→ WHAT YOU ARE ASKED TO DO
From the listing below, reproduce exactly the lines starting with the one with "Аппарат плазменной резки" and going on through the one with "HOT ! Funny", both ends kept. No picture is copied.

→ SUPPLIED RECORDS
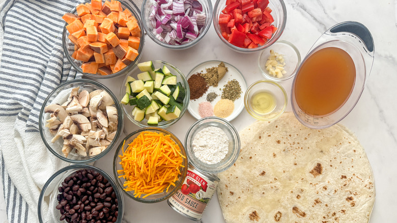 Gather the ingredients for roasted vegetable and black bean enchiladas
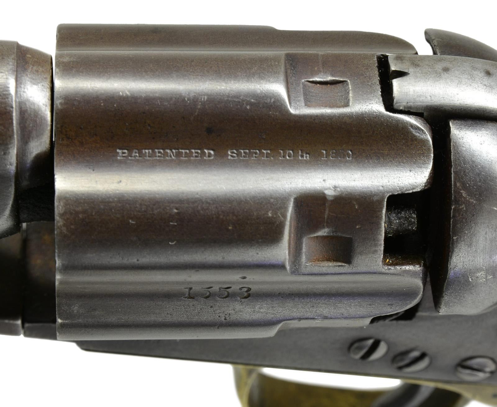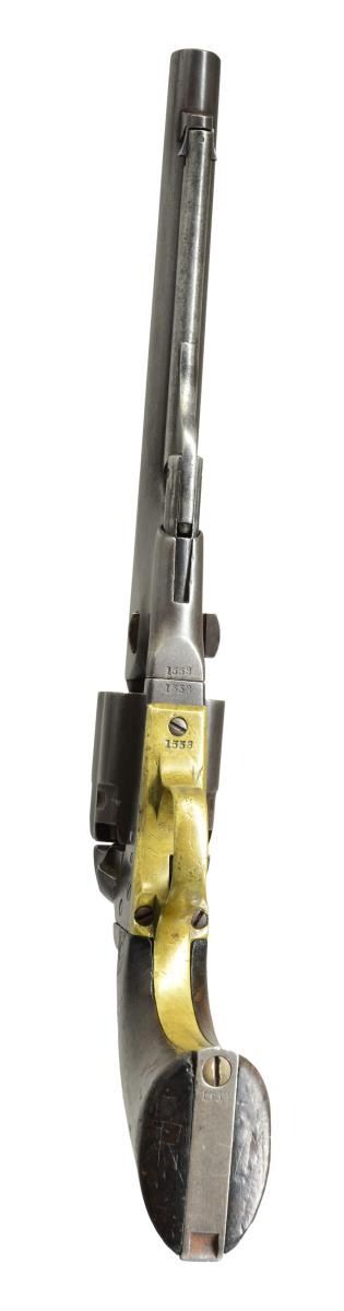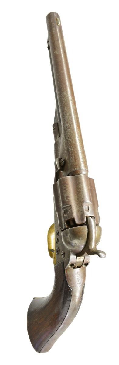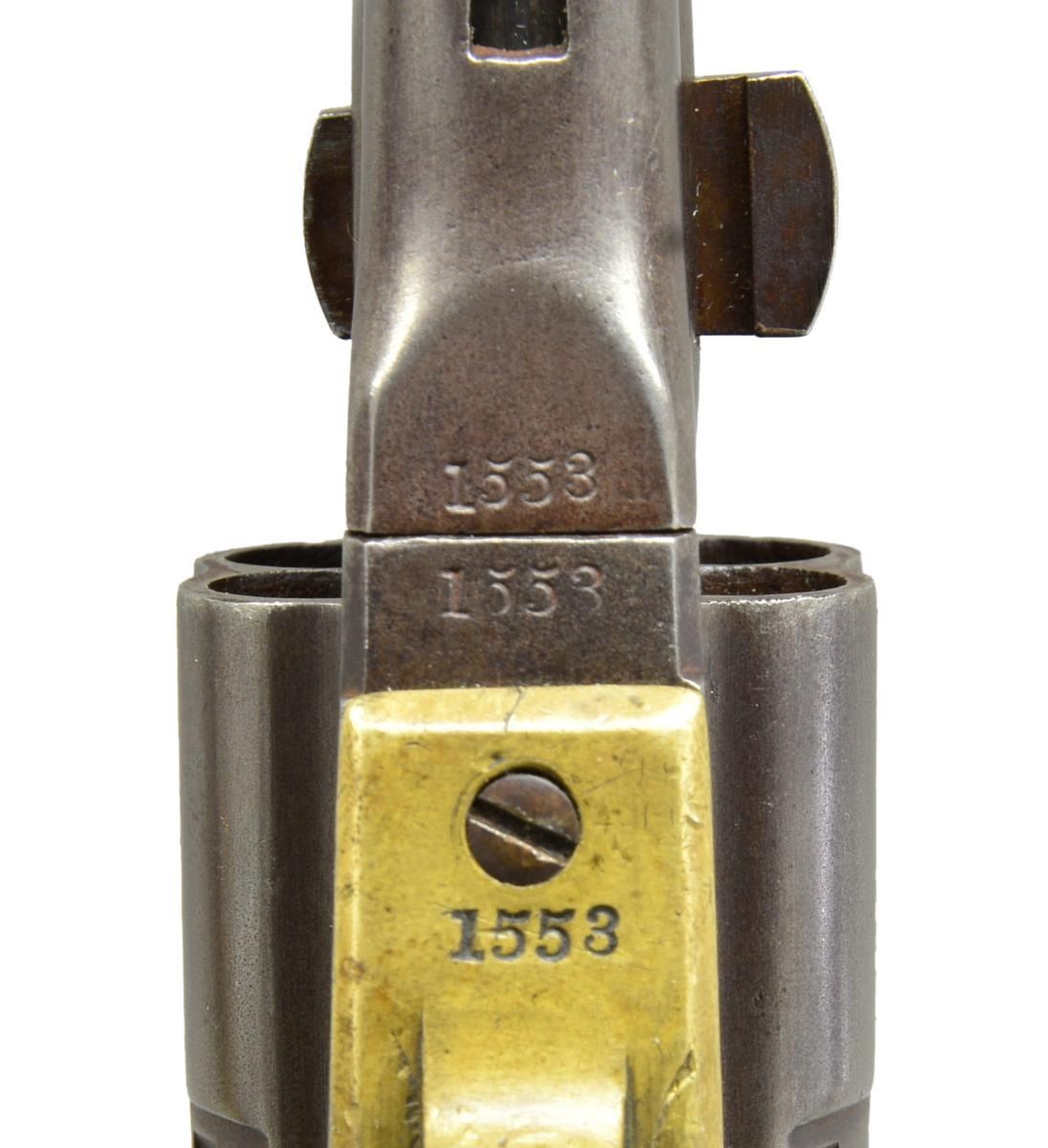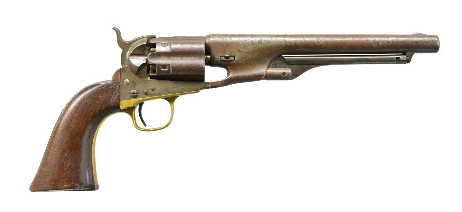 USED BY “JEFF DAVIS LEGION” AT GETTYSBURG AND OTHER BATTLES. Cal. 44. S# 1542/1553. Standard configuration, 8" barrels with 1 line Hartford address, German silver blade front sights. Colt Model 1860 fluted Army revolvers shipped to Natchez, Mississippi on January 17, 1861. This was part of 160 revolvers (80 pairs) shipped which originally had attachable shoulder stock for each pair, pommel holsters and flasks. Of all the known Colts shipped at beginning of Civil War to the South, Colonel Martin’s guns are the among the rarest and most historic. This pair being fine survivors, complete and original. There are less than 10 known survivors of the 160 shipped, most poor in condition. Fluted Army of Lt. Colonel William G. Conner still retains the shoulder stock and was captured at Gettysburg. This is an opportunity to buy an historic pair of documented Confederate used Colt fluted 1860 army revolvers of famous Confederate Cavalry unit. UNATTACHED ACCESSORIES: Colt factory letters confirming shipment to William Martin on January 17, 1861 and configuration of revolvers, small binder of research on Jeff Davis Legion and Col. Martin. Pair serial number 923/959 that were shipped to Richmond and carried by Confederate naval officer John Low were sold by James Julia auctions as lot 4362 in October 2016. James Julia auctions also sold the only other pair of pistols known shipped to William T. Martin, as lot 144, March 2001, S# 1224/1244. Subject pair are much higher condition than the other Martin pair sold in 2001. CONDITION: S# 1542 good-very good overall, appears complete and matching. Matching serial number is found on barrel, frame trigger guard, backstrap, wedge, arbor, and last 3 digits inked in backstrap channel of grips. Markings all discernible including patent and serial number on opposite flutes of cylinder, 1-line Hartford address is well discerned as is “COLT’S / PATENT” on left side of frame. Iron has a mostly smooth mottled gray/brown patina. Brass trigger guard has light mustard patina and stamped small “G” on left rear, the same “G” Colt assembly or inspection mark is also found on S# 1553. Grips are well fit, hand worn patina, moderate edge wear, light tacking make soldier’s initials difficult to discern. Mechanically fine with crisp discernible rifling. S# 1553 good overall, appears all matching and complete with exception of a few restored screws and wedge. Matching serial numbers are found on barrel, frame, trigger guard, backstrap, cylinder, and arbor. Restored wedge has matching number applied also. Markings all discernible though barrel address is light in areas, 2nd line of patent on frame is weakly struck. Patent marking and serial number in adjacent flutes on cylinder are well struck and well discerned. Original Colt grips are well fit with initials “PM” scratched in butt. Iron has been cleaned with smooth plum/light brown color. Brass has a mottled light mustard patina. Mechanically fine with crisp discernible rifling. (01-18916/JS). BOTH ANTIQUE. $25,000-35,000.
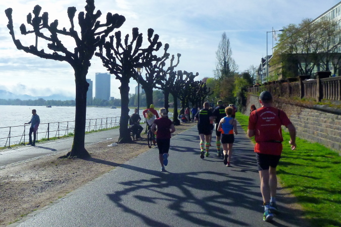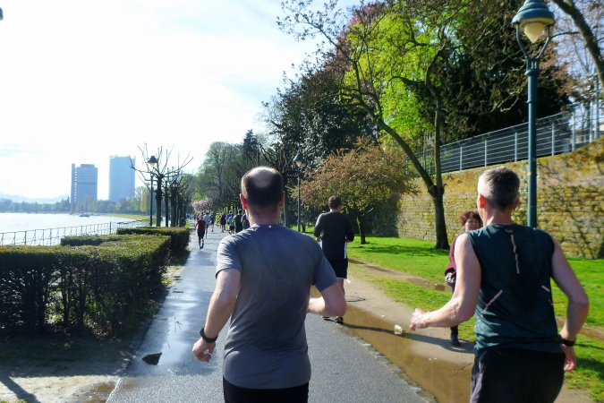 Vorbei erneut an Michel und der Sambagruppe verlassen wir Beuel nach sieben km wieder und wechseln bei bestem Wetter auf die Bonner Seite zurück. Was haben wir für einen Dusel: Bei uns hatte es die ganze Nacht teilweise wie aus Eimern gegossen und auch aus Bonn wurden morgendliche Platzregen berichtet. Im strömenden Regen angefahren und in den Shuttlebus gestiegen, setzte der Segen von oben schlagartig mit dem Verlassen des Busses aus. Kurz vor dem Start reißt die Sonne auf und sollte uns nicht mehr verlassen. Das, gepaart mit etwa 13° Lufttemperatur, lässt keinen Raum für Ausreden bei ungenügender Zielerreichung.
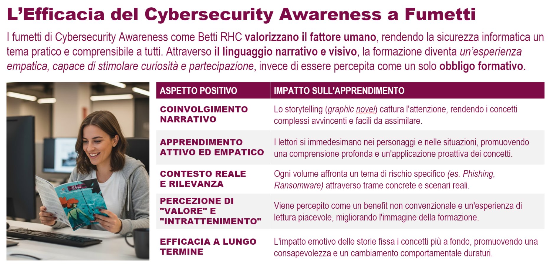 Le storie di Betti RHC sono adatte a tutti i livelli di competenza, dai neofiti ai più esperti, e permettono di apprendere concetti complessi della cybersecurity senza sacrificare il divertimento. La formazione diventa così un’esperienza condivisa che rafforza anche il senso di squadra e collaborazione all’interno dell’azienda.
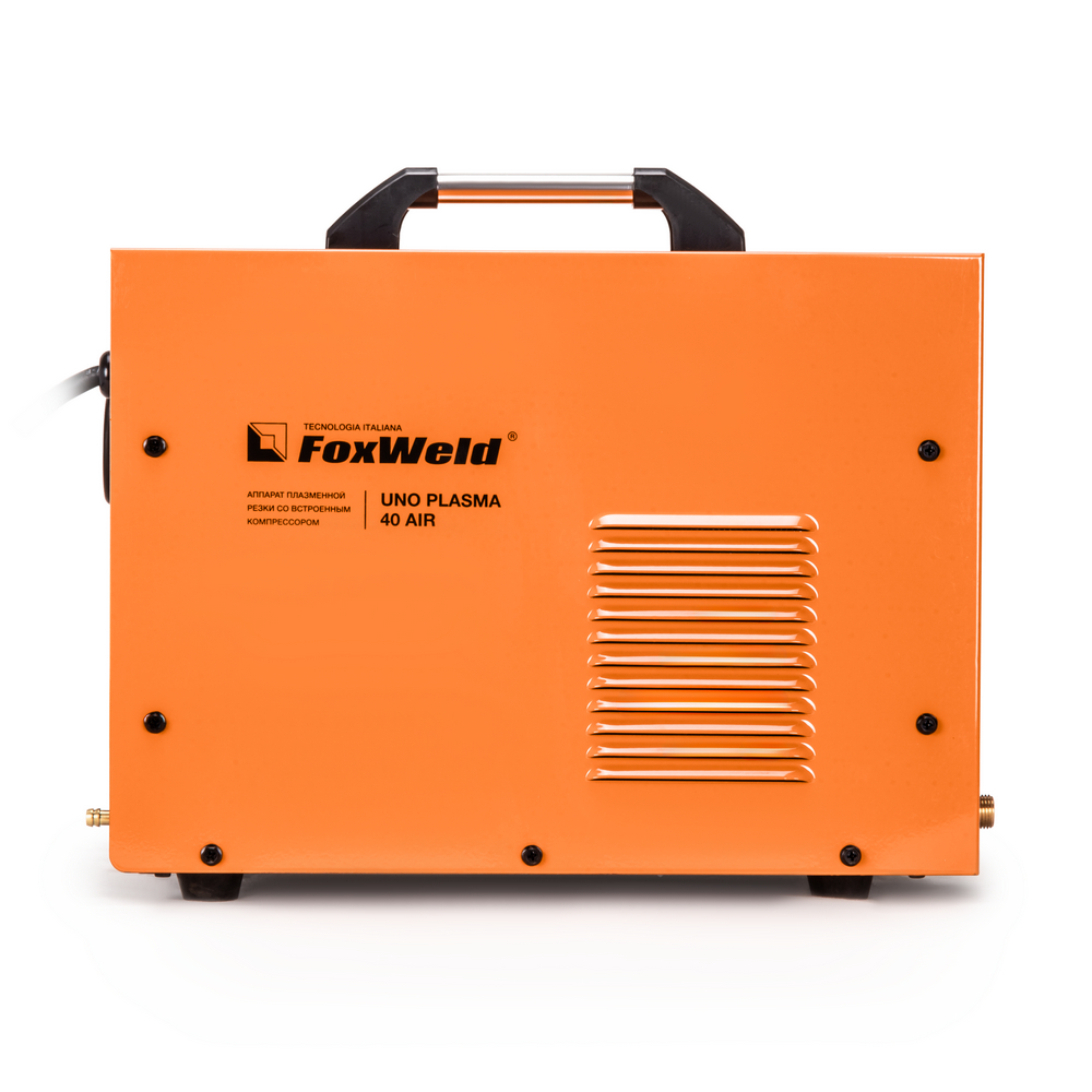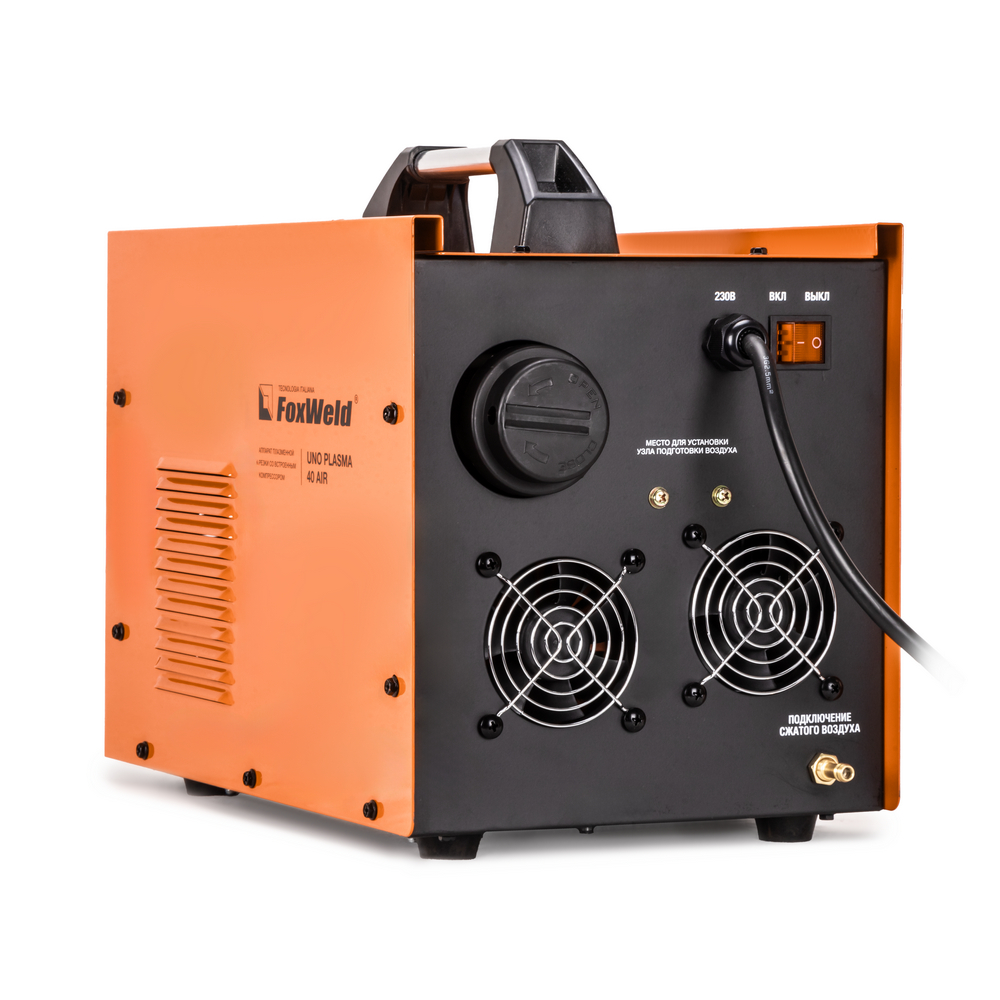 Аппарат плазменной резки со встроенным компрессором UNO Plasma 40 Air – многофункциональный современный источник питания, который широко применяется при резке углеродистой и нержавеющей стали, алюминиевых сплавов и других металлов. UNO Plasma 40 Air позволяет разрезать сталь толщиной до 15 мм. Высокие динамические характеристики дуги, регулировка и точность установки тока, инверторная технология обеспечивают качество реза и экономию энергии. В аппарате также предусмотрен дополнительный режим сварки штучными электродами ММА. Встроенный фильтр-регулятор позволяет регулировать давление сжатого воздуха и осушать/очищать подаваемый компрессором воздух в зону плазменной дуги в процессе работы. 2 цифровых дисплея на передней панели управления отображают установленные значения тока резки/сварки и напряжения сети.
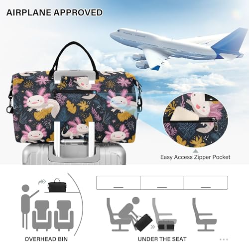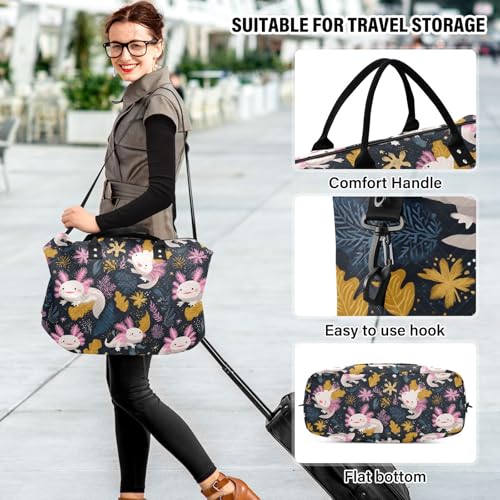 HOT ! Funny Axolotl Leaf Blossom Large Travel Duffle Bag Weekender Overnight Bags Gym Yoga Bag for Women Men with Toiletry Bag
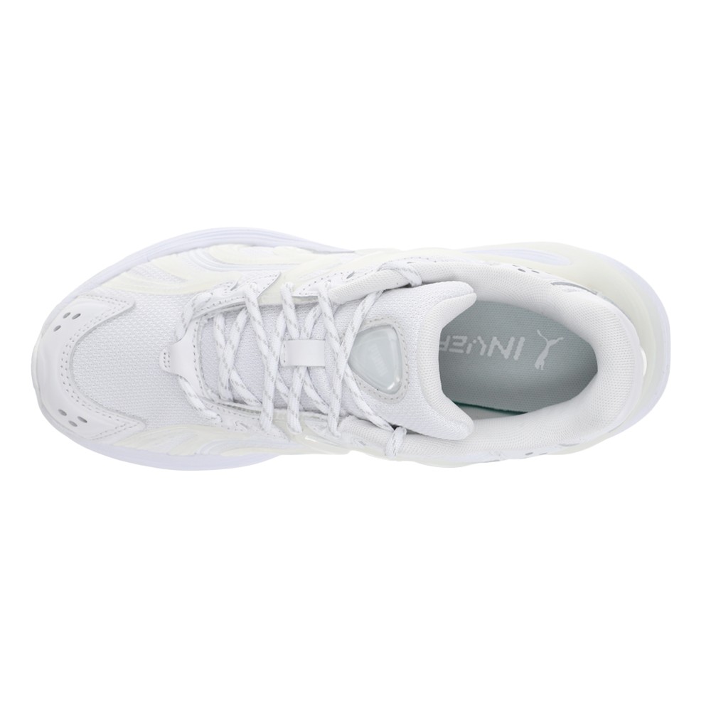 Inverse Echo Lace Up Sneakers Product Details Upper with premium leather, suede overlays, mesh Textile with leather offers breathability and durability Low boot with lace up closure for secure fit EVA midsole, Cage and midsole TPU convey uniqueness Rubber outsole for ultimate traction Color: Puma White/Feather Gray Boundary-pushing design meets innovation in these PUMA kicks. Featuring a mesh base, leather overlays, and a translucent molded cage, they redefine form with bold textures and layers. Finished with TPU gel branding and heatcut piping, every detail speaks to those who dare to stand out. Additional Details Manufacturer Color: Puma White/Feather Gray Color: White Occasion: Casual Gender: Womens Age: Adult Brand:
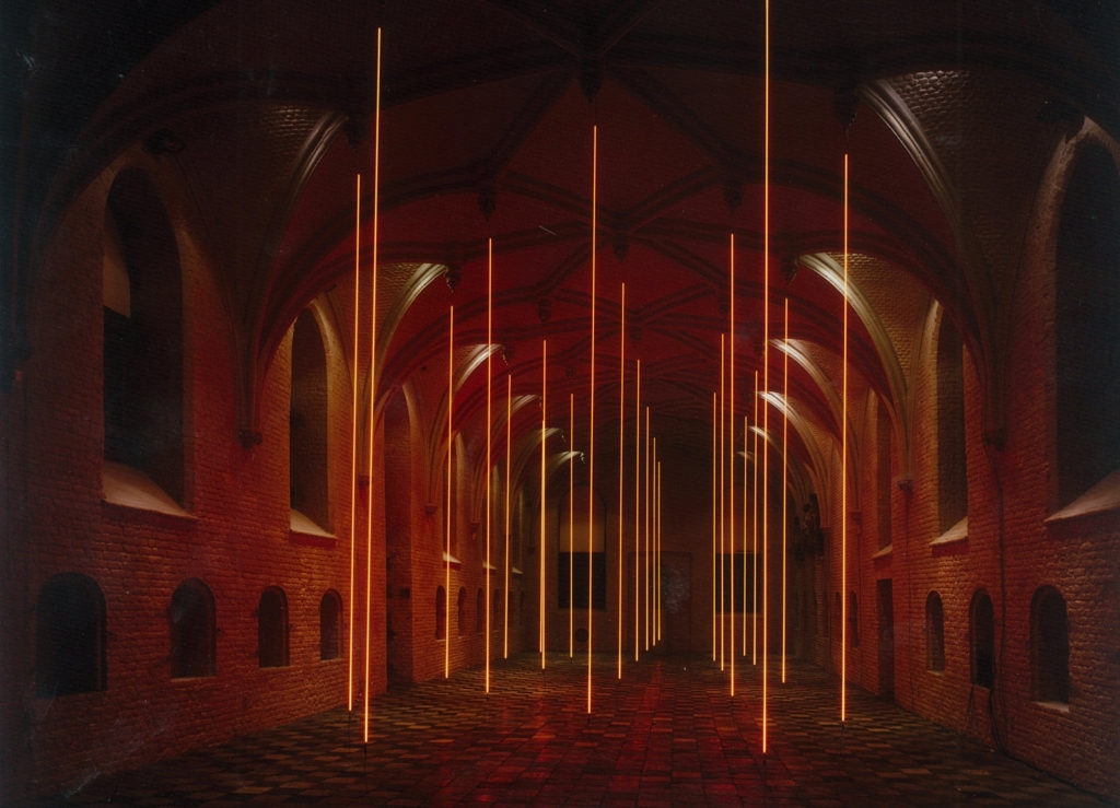 Jan van Munster's twelfth heating installation is set up in the Middelburg Vleeshal. It is a preliminary conclusion of a series of projects in which he raises an image in space with glowing wires. That is an aspect of his work in which energy is a core concept. The 80's have enabled one to see energy and at the same time to wonder how much can be achieved in a space with little resources.
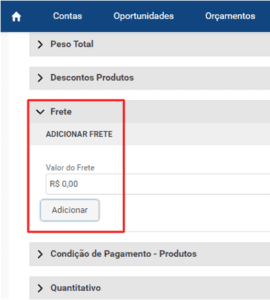 O valor do serviço de medição deve ser incluído no orçamento no Salesforce, no campo frete.
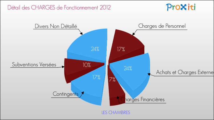 En 2012, les charges de fonctionnement de la commune de Les Chambres étaient de : 41 000 € décomposées comme suit :
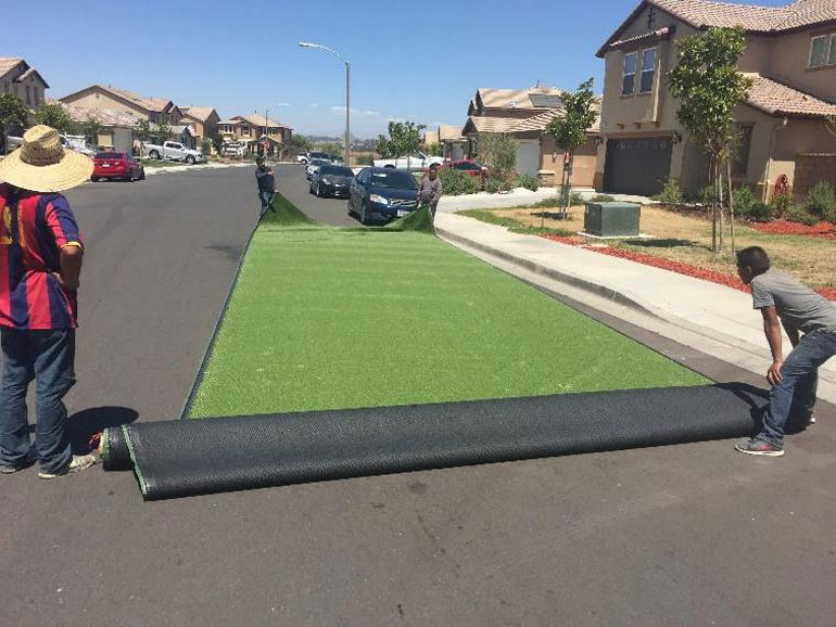 1. Disponga el césped. Mida el área donde se colocará el césped y el ancho y largo de las franjas de césped. Con un compañero, estire cada tira de césped y colóquela sobre la base preparada. Evite arrastrar el césped sobre la base, o podría alterar la superficie lisa.
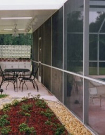 Typically, combination style pool enclosures incorporate our solid insulated composite aluminum roof system which attaches to the eave of the home. This high strength, walkable roof system affords a rain proof environment which serves as an intermediary element between the house and screened portion of the pool enclosure. The interface between the solid and screen portions consists of a carrier beam and structural super gutter combination that is almost entirely open, so that there is no impediment to the flow of movement between the solid and screened area.

→ RESPONSE TO THIS TASK
 Аппарат плазменной резки со встроенным компрессором UNO Plasma 40 Air – многофункциональный современный источник питания, который широко применяется при резке углеродистой и нержавеющей стали, алюминиевых сплавов и других металлов. UNO Plasma 40 Air позволяет разрезать сталь толщиной до 15 мм. Высокие динамические характеристики дуги, регулировка и точность установки тока, инверторная технология обеспечивают качество реза и экономию энергии. В аппарате также предусмотрен дополнительный режим сварки штучными электродами ММА. Встроенный фильтр-регулятор позволяет регулировать давление сжатого воздуха и осушать/очищать подаваемый компрессором воздух в зону плазменной дуги в процессе работы. 2 цифровых дисплея на передней панели управления отображают установленные значения тока резки/сварки и напряжения сети.
 HOT ! Funny Axolotl Leaf Blossom Large Travel Duffle Bag Weekender Overnight Bags Gym Yoga Bag for Women Men with Toiletry Bag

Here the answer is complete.